In navolging van het werk van Fernández voerde een Canadees team van astronomen (team van Martin Duncan, Tom Quinn en Scott Tremaine) in 1988 een aantal computersimulaties uit en stelde vast dat de Oortwolk kon niet alle kortperiodieke kometen verklaren . Met een 'riem', zoals Fernández het beschreef, toegevoegd aan de formuleringen, kwamen de simulaties overeen met waarnemingen.
De lijken in de Kuipergordel. Krediet: Don Dixon
In 1987 begonnen astronoom David Jewitt (toen aan het MIT) en toenmalig afgestudeerde studente Jane Luu de telescopen van het Nationaal Observatorium Kitt Peak in Arizona en de Cerro Tololo Inter-Amerikaans Observatorium in Chili om het buitenste zonnestelsel te doorzoeken. In 1988 verhuisde Jewitt naar de Instituut voor Sterrenkunde aan de Universiteit van Hawaï, en Luu voegde zich later bij hem om te werken aan het Mauna Kea-observatorium van de universiteit.
Na vijf jaar zoeken, kondigden Jewitt en Luu op 30 augustus 1992 de “ Ontdekking van het kandidaat Kuipergordelobject ” (15760) 1992 QB1. Zes maanden later ontdekten ze een tweede object in de regio, (181708) 1993 FW. Vele, vele meer zouden volgen...

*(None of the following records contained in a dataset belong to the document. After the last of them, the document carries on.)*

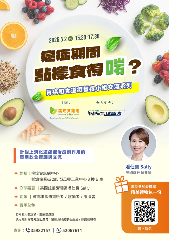 今次我地特別邀請英國註冊營養師 潘仕寶 Sally,為大家分享針對上消化道癌症治療副作用的實用飲食建議,教你點樣喺治療期間仍然食得健康、食得舒服、維持體力!今次 Sally 希望可以同大家直接交流,一問一答,俾最專業最岩嘅建議你 ! 機會難得,千奇唔好錯過呀!
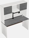 Grey Rectangular Office Desk And White Hutch Including Black Monitor Arm (single Arm)
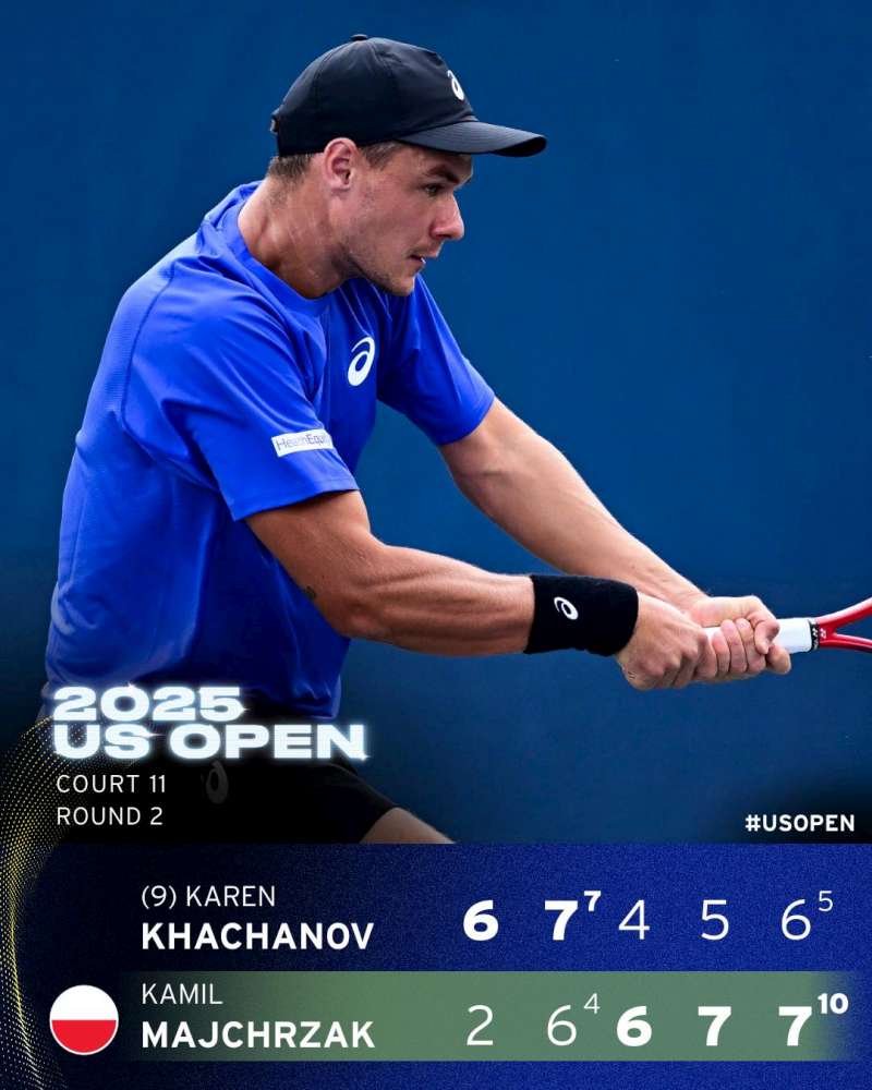 Kamil Majchrzak (76. ATP) wygrał w drugiej rundzie turnieju Wielkiego Szlema US Open 2025 z rosyjskim tenisistą Karenem Chaczanowem (9. ATP) po zaciętym, niesamowitym, trwającym cztery godziny i 34 minuty, pięciosetowym starciu – 2:6, 6:7 (4), 6:4, 7:5, 7:6 (10-5). Polakowi udał się więc rewanż za porażkę w czwartej rundzie The Championships Wimbledon 2025.

In hun artikel uit 1988 verwezen Tremaine en zijn collega's naar de hypothetische regio voorbij Neptunus als de 'Kuipergordel', blijkbaar vanwege het feit dat Fernández de woorden 'Kuiper' en 'komeetgordel' in de openingszin van zijn artikel gebruikte. Hoewel dit de officiële naam is gebleven, gebruiken astronomen soms de alternatieve naam Edgeworth-Kuipergordel om Edgeworth te prijzen voor zijn eerdere theoretische werk.
Sommige astronomen zijn echter zo ver gegaan om te beweren dat geen van beide namen correct is. Bijvoorbeeld Brian G. Marsden – een Britse astronoom en de oude directeur van de Minor Planet Center (MPC) van het Harvard-Smithsonian Center for Astrophysics – beweerde dat “Noch Edgeworth noch Kuiper hebben geschreven over iets dat in de verste verte lijkt op wat we nu zien, maar Fred Whipple (de Amerikaanse astronoom die met de 'vuile sneeuwbal'-komeethypothese kwam) deed'.

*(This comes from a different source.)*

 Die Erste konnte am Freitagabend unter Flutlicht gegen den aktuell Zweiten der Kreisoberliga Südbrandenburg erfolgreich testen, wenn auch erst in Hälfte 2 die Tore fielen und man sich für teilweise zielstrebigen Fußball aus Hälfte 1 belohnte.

De lay-out van het zonnestelsel, inclusief de Kuipergordel en de Oortwolk, op logaritmische schaal. Krediet: NASA
Bovendien merkte David Jewitt op: 'Als er iets is ... Fernández verdient bijna de eer voor het voorspellen van de Kuipergordel.' Vanwege de controverse rond de naam, wordt de term trans-Neptuniaans object (TNO) door verschillende wetenschappelijke groepen aanbevolen voor objecten in de gordel. Dit wordt echter door anderen als onvoldoende beschouwd, omdat dit elk object buiten de baan van Neptunus kan betekenen, en niet alleen objecten in de Kuipergordel.
Samenstelling:
Er zijn meer dan duizend objecten ontdekt in de Kuipergordel, en de theorie is dat er maar liefst 100.000 objecten zijn die groter zijn dan 100 km in diameter. Gezien hun kleine omvang en extreme afstand tot de aarde, is de chemische samenstelling van KBO's erg moeilijk te bepalen.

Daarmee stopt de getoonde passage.